The process for using a SURB to reply anonymously is slightly different from the standard packet creation process, as the Sphinx Packet Header is already generated (as part of the SURB), and there is an additional layer of Sphinx Packet Payload encryption that must be performed.

Sphinx_Create_SURB_Reply( sphinx_surb, payload ) -> sphinx_packet

Inputs:

sphinx_surb The SphinxSURB structure, decoded from the implementation defined wire encoding.
payload The packet payload message plaintext.

The Sphinx_Create_SURB_Reply operation consists of the following steps:

Prepend the authentication tag, and append padding to the payload.

payload = ZERO_BYTES( PAYLOAD_TAG_LENGTH ) | payload
payload = payload | ZERO_BYTES( PAYLOAD_LENGTH - LEN( payload ) )

Encrypt the payload.

payload = SPRP_Encrypt( sphinx_surb.payload_key, payload )

Assemble the completed Sphinx Packet.

SphinxPacket sphinx_packet
sphinx_packet.header = sphinx_surb.sphinx_header
sphinx_packet.payload = payload

The completed sphinx_packet MUST be sent to the node specified via sphinx_surb.node_id, as the entire reply sphinx_packet’s header is pre-generated.

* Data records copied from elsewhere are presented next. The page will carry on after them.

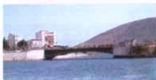
Η γέφυρα στο στενό του Ευρίπου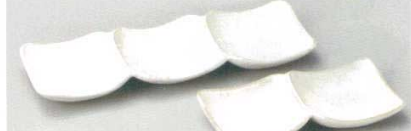
39036-319 白釉角切三品皿 980円 70入 (26×8.8×2.5cm) ※608050 39037-319 白釉角切二品皿 660円 90入 (17×8.5×2.5cm) ※608052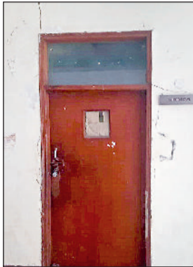
सोनीपत। पटवारखाना कार्यालय के दरवाजे पर लटका ताला।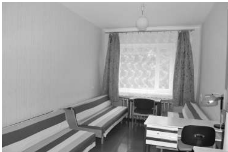
Valsts immn zijas intern ts, Ingas Kavinskas foto

Par ieguld jumu, sagatavojot iest di 2012./2013.m c bu gadam, PII „Pienen te” un Gr.Pl teru v.n. Kr slavas Po u pamatskolas kolekt vi sa ma Kr slavas novada domes d vanu kartes. Par šiem l - dzek iem „Pienen tes” kolekt vs pl no nopirkt jaunu pakl ju aktu z lei, bet Po u pamatskola d vanu

9. Anonymity Considerations

9.1 Optional Non-constant Length Sphinx Packet Header Padding

Depending on the mix topology, there is no hard requirement that the per-hop routing info is padded to one fixed constant length.

For example, assuming a layered topology (referred to as stratified topology in the literature) MIXTOPO10, where the layer of any given mix node is public information, as long as the following two invariants are maintained, there is no additional information available to an adversary:

All packets entering any given mix node in a certain layer are uniform in length.
All packets leaving any given mix node in a certain layer are uniform in length.

The only information available to an external or internal observer is the layer of any given mix node (via the packet length), which is information they are assumed to have by default in such a design.

9.2 Additional Data Field Considerations

The Sphinx Packet Construct is crafted such that any given packet is bitwise unlinkable after a Sphinx_Unwrap operation, provided that the optional Additional Data (AD) facility is not used. This property ensures that external passive adversaries are unable to track a packet based on content as it traverses the network. As the on-the-wire AD field is static through the lifetime of a packet (ie: left unaltered by the Sphinx_Unwrap operation), implementations and applications that wish to use this facility MUST NOT transmit AD that can be used to distinctly identify individual packets.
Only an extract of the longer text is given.